If the extglob shell option is enabled using the shopt builtin, several extended pattern matching operators are recognized. In the following description, a pattern-list is a list of one or more patterns separated by a |. Composite patterns may be formed using one or more of the following sub-patterns:

!(pattern-list)
Matches anything except one of the given patterns

!(f1) matches f2 f3 in your example, so effectively you're doing:

mv -t f3/ f2 f3 f2

To achieve your goal you should rather do:

mv -t f3/ !(f[13]) # or !(f1|f3)

This expression matches everything except f1 and f3.

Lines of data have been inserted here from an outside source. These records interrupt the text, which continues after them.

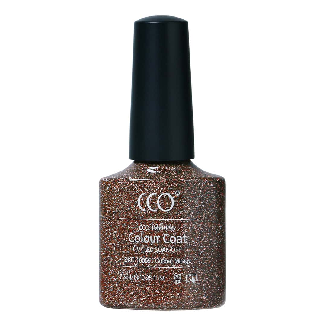 Golden Mirage is een sprankelende platinumkleurige gellak, doordrenkt met warm bronskleurig pigment voor een luxe, zonovergoten uitstraling. Deze dekkende tint vangt het licht prachtig en combineert moeiteloos met nude- en bruintinten, waardoor hij perfect is voor een stijlvolle, natuurlijke look met een glinsterende twist.
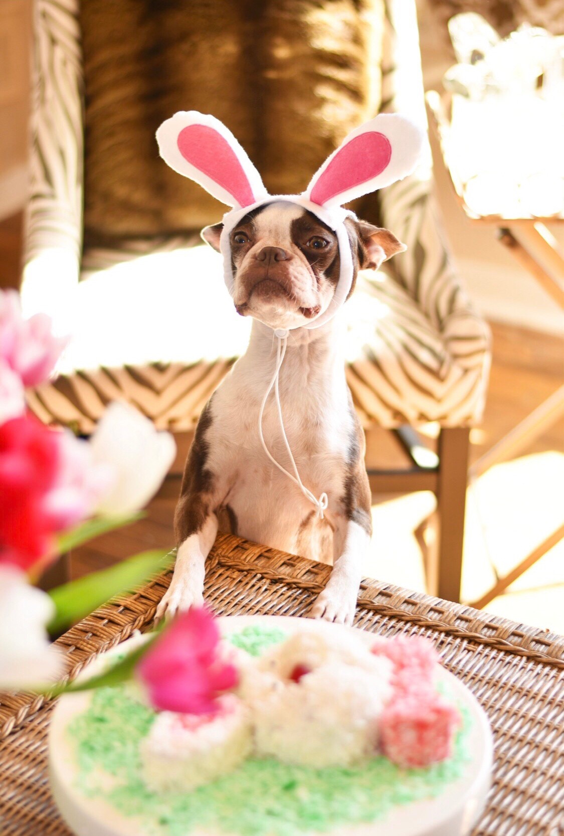 Next place the “ears” and “bow tie” on your serving try and frost.
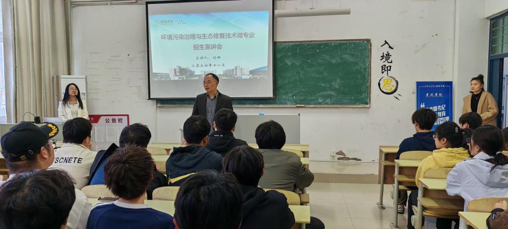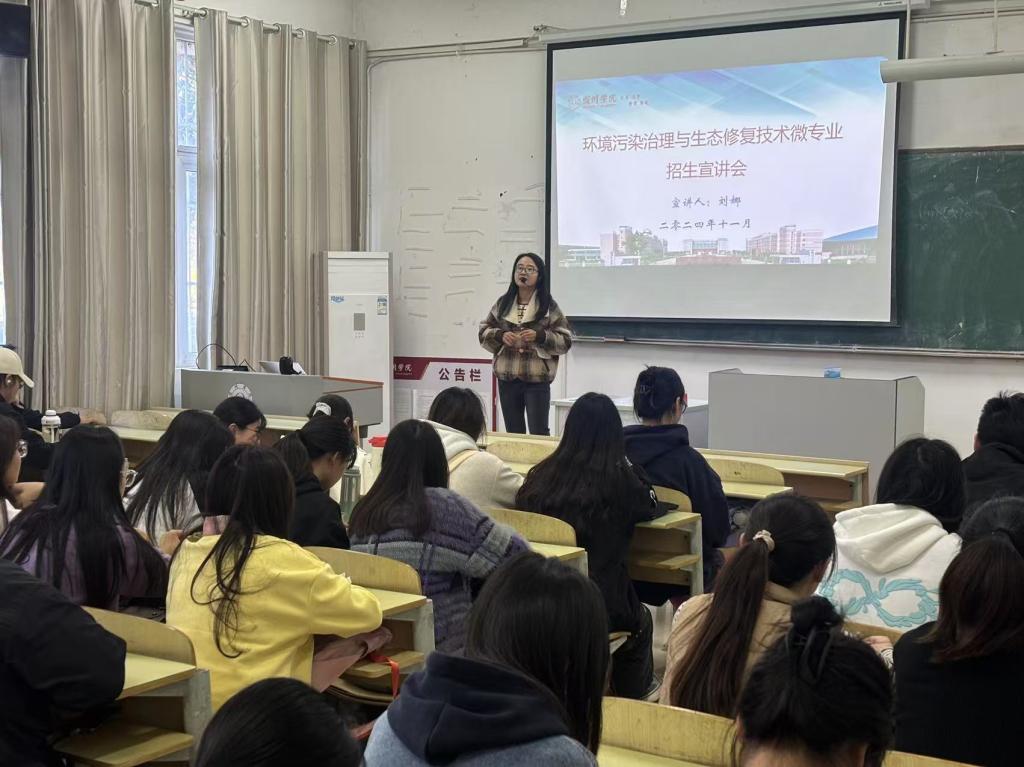 根据《宿州学院微专业建设与管理办法(试行)》(院教字〔2024〕42号)(附件1)文件精神,按照学校2024年微专业招生工作部署,为顺利推进“环境污染治理与生态修复技术”微专业招生工作,2024年11月6日和11月8日下午,环境与测绘工程学院分别开展两场微专业招生宣讲会。参会老师有环测学院教学副院长徐国伟、教务处高莉、微专业负责人刘娜,参会学生来自地理科学、遥感科学与技术、水文与水资源工程等多个本科专业。

This also works with *, ? and […]:

$ ls
e1  e2  e3  f1  f2  f3
$ ls !(e*|?[12])
f3
4

!(f1) is an extended glob expression, so (provided the extglob shell option is set) it expands to a list of (non)-matching files. In other words, if your directory originally contained f1, f2, f3 then

mv -t f3/ !(f1) f2

expands as

mv -t f3/ f2 f3 f2

The first error should be obvious; the second is because it attempts to move f2 twice - and fails the second time.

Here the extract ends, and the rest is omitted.